大河学長 私が専門とするスポーツの世界でも、データサイエンスが重要になっています。 バレーボールでは、試合中に監督やヘッドコーチがタブレットを手に持ち、相手チームの分析をして選手にアドバイスをしています。バスケットボールでも、強いチームはスカウティングコーチを複数雇い、相手の戦術などを分析して次の試合に役立てています。1戦目に20点差で敗れたチームが、翌日の同じカードで大差で勝利するケースもあります。選手の調子だけではなく、明らかにデータ分析の力です。
従来は勘と経験に頼っていた部分が、データで裏付けされてきています。データサイエンスを活用しないと取り残されてしまう時代に突入していますね。
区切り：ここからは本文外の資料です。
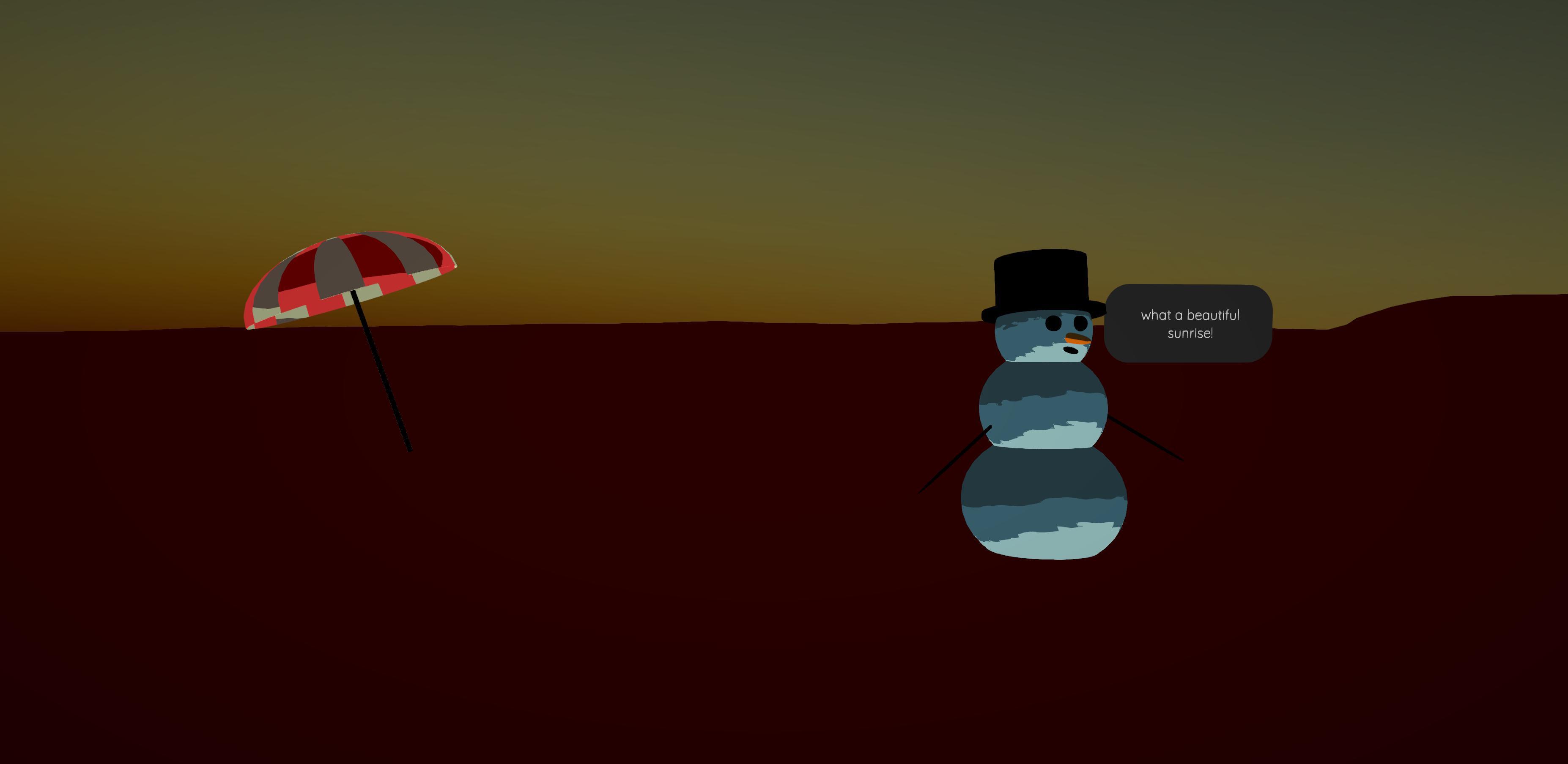 подсказка 1 Снеговику нужна тень подсказка 2 Вам нужно на самом деле отбросить тень на снеговика, неся зонтик.- шрифт: Эндрю Паглинаван
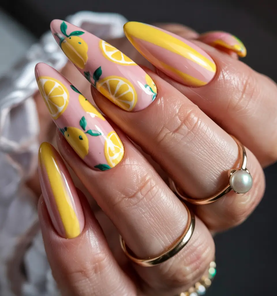 The rich details of fresh lemon slices and fruit motifs come to life on a subtle nude pink background that is accented with elegant solid yellow stripes. The cheerful palette of this design makes nail art a playful yet juicy experience during the summer months. This style goes well with almond gel shapes that need a finishing sheen. This spicy color is one of the top choices for summer nails in 2025.
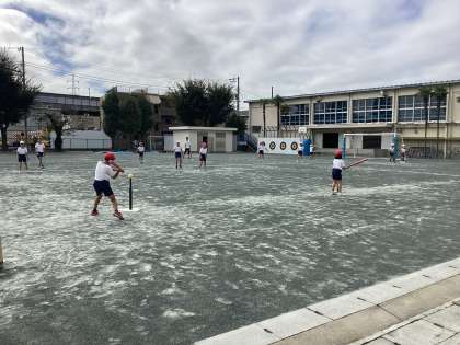 うまく当たらずに空振りしてしまう児童もいましたが、守備の頭上を越して、ホームランだ!と話している児童もいて楽しそうでした。

データサイエンスの重要性が増すなか、大阪成蹊大学は今年4月にデータサイエンス学部がスタートしました。
中村学長 本学部の売りは教員です。ツイッターで「大阪成蹊大学のデータサイエンスはすごい先生をそろえているみたいだ」「どういうことだ」と話題になったようです。新キャンパスで教員の部屋と学生ゼミ室が交互に配置されていますが、1年生が入り浸っているゼミ室もあります。1期生はとても得をしていますね。大阪成蹊学園としては以前からデータサイエンスを重視し、びわこ成蹊スポーツ大学は既にデータサイエンスを導入しています。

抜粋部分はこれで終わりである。